Closed jordansissel closed 9 years ago
This issue aims to fix design problems that caused problems like LOGSTASH-1253
Hi Jordan,
Did you think much more on this? My attention is currently drawn to the protocol.
I know one little fix that urgently needs doing in the server part is to spawn an arbiter thread with a non-blocking queue - events yielding to caller are passed via this thread - and connection threads then add to this queue until it hits specific size - once it hits a size it then backs off. Specifically, this prevents a full LogStash queue blocking a connection thread... the arbiter blocks instead and the connection threads back off (sleep loop so can handle errors and even send backoffs/pings back to clients)
The second part is to look at proper sequence acknowledgements and server part to maintain an internal "port" list with last processed sequence number - so upon a recovered connection client can request last processed log - as long as it was within reasonable time frame (since such small info maybe hours...)
If any of this is already considered and even new protocols looked at I'm definitely all ears and might help out! Whatever protocol is decided I don't mind - I was going to just expand the current - although backwards compat difficult since version ignored and any unknown frame will presumedly crash that connection thread?

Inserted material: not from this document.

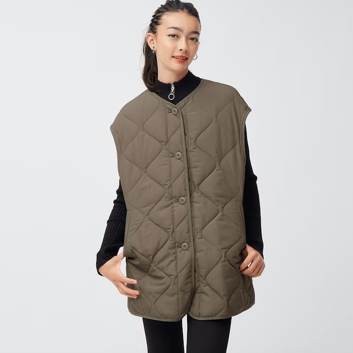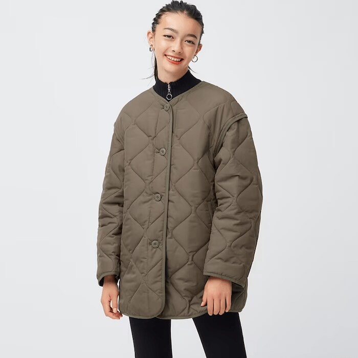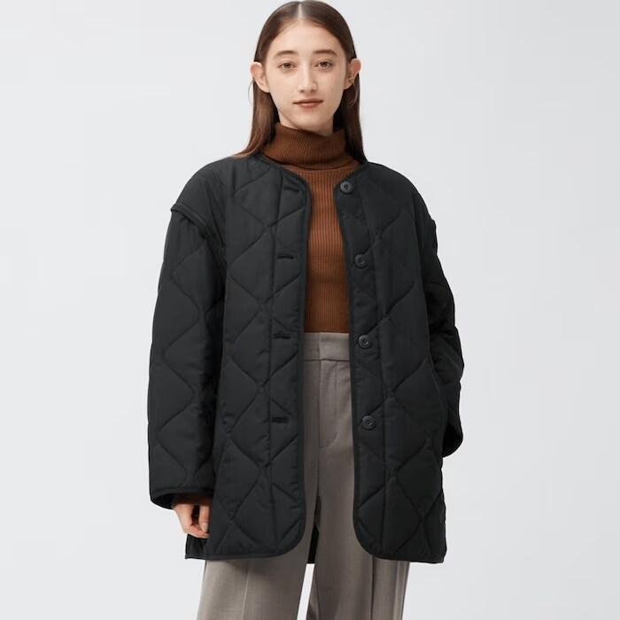袖部分の取り外しができるので、季節に合わせて自由にスタイリングが楽しめます。保温機能付きのミディアム丈なので、冷えやすい腰回りを暖かくしてくれますよ。デザイン、機能性ともに優秀です。

Thanks and great tool - works especially nice now with the various pulls out there :+1:
Jason
Just for the record here. I've settled at fixing the issues I was having with protocol, and left it functionally in tact. Specifically, redis queue hitting congestion and connections blocking and timing out was fixed, partial acks fully implemented and a cheeky keep alive to stop random timeouts. https://github.com/driskell/logstash-forwarder/tree/protocol_improvements_and_server_client_improvements
I'll PR on request as there's just too many at the moment. Any other features/fixes I'm now going to branch from my own master as the code has diverged too much.
It's also possible a kafka/scribe-style (pull w/ offsets) protocol could work better here as well. Depends! Needs more discussion.
What about CurveMQ? It's still WIP but could be beneficial once it is matured.
I think also there should be a split between transport and application protocol.
This allows the sensitive security stuff to be left to a third party library with wide use and trust.
This project then concentrates on supplementing the transport if required at application level, and imposing requirements on transport.
Also means transport can be easily switched while experimenting until something is settled upon.
lumberjack is doing well enough right now, will revisit in the future if we need a new protocol improvement.
(This was originally longer and more detailed, but then Safari crashed.)